Wednesday, March 21, 2012

Arnold Clavio's remarks and the Askal Controversy: What it means to be Pinoys

Understanding the concept of Filipino is not as easy as it looks. Like what I wrote in previous entries, we must disabuse our minds and change our traditional perspective about who is, what is, which is Filipino or not.


For one, Filipino is an invented term by a group of intellectuals way back in the late 18th century. During those times, peoples of this archipelago were segmented into four distinct classes based on economic status and progeny. 


There were the pure-bloods--born in Spain and of Spanish parents. The next ones were those born here, of Spanish blood still. The others were those born here, of mixed descent, meaning mestizos and the others, which is believed to be the majority, those born of parents not of Spanish or foreign blood.


Now, if you really analyze what was the intended usage of the term Pinoy, you'll be surprised that this term simply was used a vehicle or medium to distinguish the vast majority of people from the small minority of rulers of Western origins, who were not born here, but act here in the Philippines, as rulers and petty barons.
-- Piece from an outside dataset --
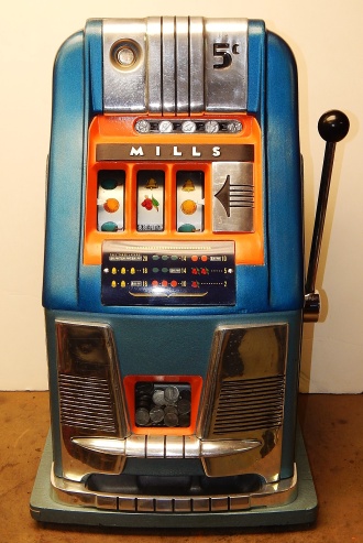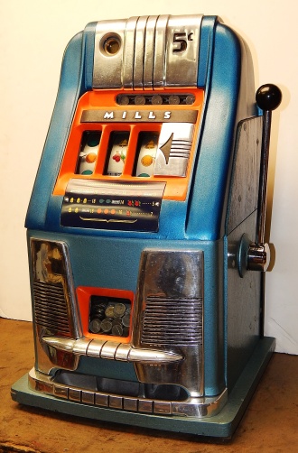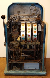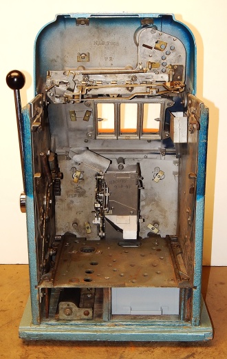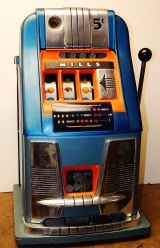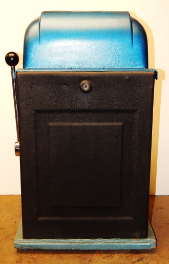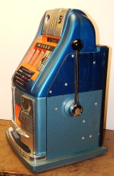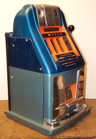 Mills 1950 Hi-Top 5 cent, This is a very nice previously restored machine done by us over twenty years ago. Painted back to the oringinal colors gloss Blue trimmed in Orange. This machine still looks great other then some very small coin nick's in the orange paint just under the reel windows. Oak cabinet painted Dark blue and light blue, mint condition award card, Jackpot with reserve, original back door with an original Mills lock with one key. 2-5 pay out.

So, the reference to Filipino is a way of distinguishing those born here and those who were not regardless if they had parents who were Spaniards or not. Why was this term used as such? In the minds of those intellectuals, they were just describing the kind of relationship that existed during those times. Westerners believe that every single one born outside of Europe are savages, much the same way as the Chinese regard Westerners. Several people during that era surmised that this same claustrophobic view of the individual was what motivated the Spaniards to punish physically Filipinos.


Rizal suffered that same treatment when he studied at the UST. Inspite of his intellectual prowess, Rizal was looked down upon because he was a Mestizo. Prayles or priests of that age were also mistreating others severely because they were born outside of Europe, therefore, considered of mixed blood and partially of barbaric or savage origins.


(by the way, why was there a perceived "low-life" treatment of people born outside of Spain? Those born outside the regime were sons and daughters of what people described as "journey men" or those whose luck has not been successful in their motherland and journeyed over the yonder seas to look for it. They are described as poor.)


Okey so the term Filipinos started as a way of distinction or putting into a particular genius two sets of people. Fact is, the term itself was initially a term to describe those born as Chinese mestizos. 


So there. When independence was established, the next colonialists found it extremely difficult to describe the genus of people they conquered. In frontier America, all peoples there were lumped into one--Indians, due to the color of their skin. Hence, as Indians, they were forever relegated to the backends of society and condemned for annihilation.


When the Americans arrived, they were probably astounded by the cosmopolitan and confusing character of society back then. To easily describe the genus of people they will now manage as colonies, they accepted the term used back then--to describe every body as Filipino.


However, in describing who is Filipino, the evidently Chinese looking and Chinese speaking crowd and those of obviously Arabian, Persian and Indian stock were systematically put into one distinct class, when in truth and in fact, these peoples were the very first Filipinos, not just those of Austronesian roots.


To sum, the term "Filipino" right is now is more of a state of mind than anything. When you subscribe to be "Filipino", you consciously accept the very simple things which define the Filipino character. 


When you call yourself Filipino, you obviously try to assimilate yourself with the culture. Or, let me extremely frank--assimilation is not the correct word to describe this but more of fusion--making oneself part of the collective thinking and part of the agreed cultural norms and the stuff. 


When you embrace being Filipino, it is not something as simple as uttering it before an immigration officer or signing a piece of paper saying that you are.


Being Filipino is beyond skin color. Being Filipino is acting, and living like one.